A Ciência e Tecnologia, e as actividades que delas resultam
ainda na esfera experimental (a Investigação e Desenvolvimento) são elementos
fundamentais do desenvolvimento económico na medida em que representam o
patamar da concepção do desenvolvimento dos meios de produção. A Ciência e a Tecnologia
são portanto um conjunto de saberes que é colocado ao serviço de um conjunto de
objectivos.
Dos quatro vectores do Sistema Científico e Tecnológico
Nacional (Laboratórios de Estado, Universidades, Empresas, Instituições
Privadas Sem fins lucrativos), só dois deles estão sujeitos directamente ao
controlo colectivo e por isso subordinados ao interesse nacional.

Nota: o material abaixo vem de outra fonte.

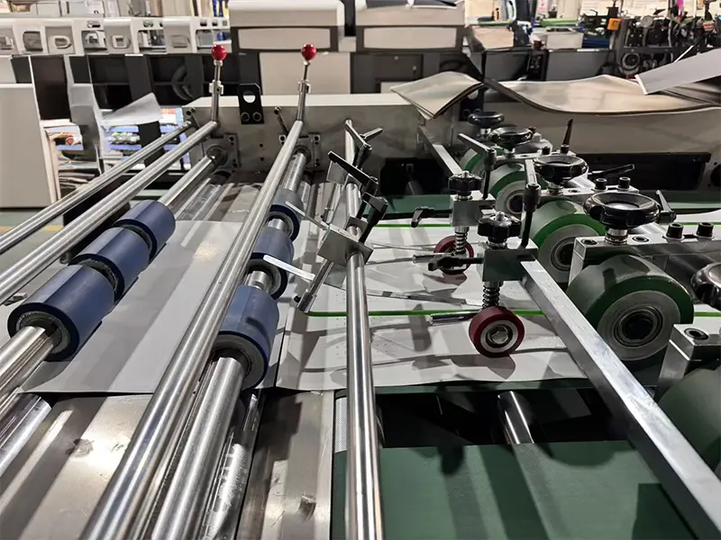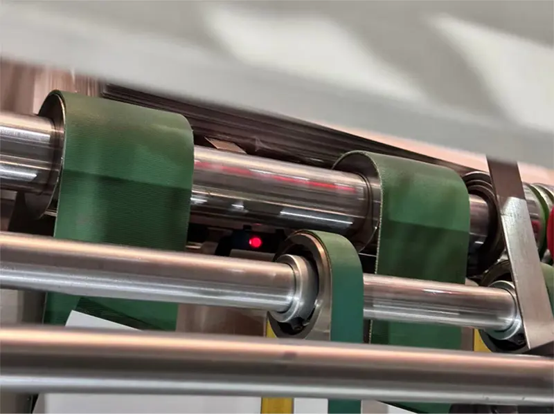 Induction electric eye, sensing the length of the paper, if the length of the paper changes, the belt will accelerate, and the baffle of the take-up machine will overturn and kick out the paper.

Se
compreendemos que, no actual contexto, não faz sentido o Estado (o colectivo)
determinar as linhas de investigação e desenvolvimento e a política de C&T
para uma empresa privada ou para uma instituição privada sem fins lucrativos caso
essas entidades realizem essa investigação sem apoios públicos; já não podemos
compreender a desestruturação de uma política de C&T para o sector das
universidades e dos laboratórios de estado.
O que é uma política de C&T para os sectores estatais?

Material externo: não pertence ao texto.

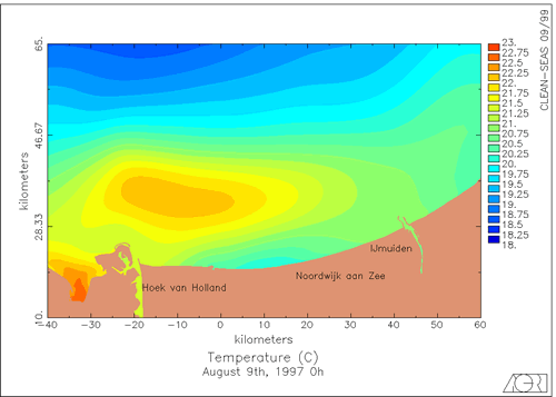 Despite the limitations on the surface temperature field derived from the model, the sediment fields (Figure 4-12) appear to be rather well represented by the model. The general distribution shows the sediment travelling NE along the coast creating a broad band of high sediment, almost as far north as Noordwijk. This is reflected in the MOS image of 19 August (Figure 4-10), and the visible channels of AVHRR (Figure 4-9). There is also a distinct sediment maximum close to the mouth of the Rhine, forming a hook to the south-west of the Rotterdam Seaway, also seen in the AVHRR image for 19th August. Some of the features absent from the model sediment field, such as the higher sediment concentrations near Ijmuiden and further north along the coast may attributed to missing sediment sources (the Ijmuiden outlet) and missing processes (resuspension of sediment by wave action) in the model. These could be rectified in am adapted model, if required.

A política de C&T para os sectores estatais não é uma
política de controlo, mas sim de liberdade e de autonomia. A liberdade e
autonomia são condições fundamentais para uma investigação liberta de
constrangimentos económicos, de imposições ou concepções que visem satisfazer
interesses circunscritos e são a melhor forma de assegurar o interesse público
e colectivo do trabalho da academia e dos laboratórios de estado no que à
I&D diz respeito. A política para o sector não pode, pois, ser uma de
imposição de linhas de investigação, mas uma de estímulo à liberdade e à criatividade,
às sinergias, à difusão do conhecimento e da tecnologia, acompanhada por uma
visão estratégica que ligue os tecidos industriais e académicos, bem como os
tecidos industriais e laboratoriais, na perspectiva do desenvolvimento após a
investigação. A supressão do aparelho produtivo levará inexoravelmente à
supressão do tecido académico e, principalmente, à eliminação da figura de
laboratório de estado. Pelo contrário, uma política estratégica de desenvolvimento
económico, industrial, agrícola, piscatório e mineiro, é em si mesma uma
estratégia para a I&D do sector estatal, disponibilizando o saber e a
técnica para a solução de problemas concretos e para inovar perante a
necessidade de constante desenvolvimento dos meios de produção.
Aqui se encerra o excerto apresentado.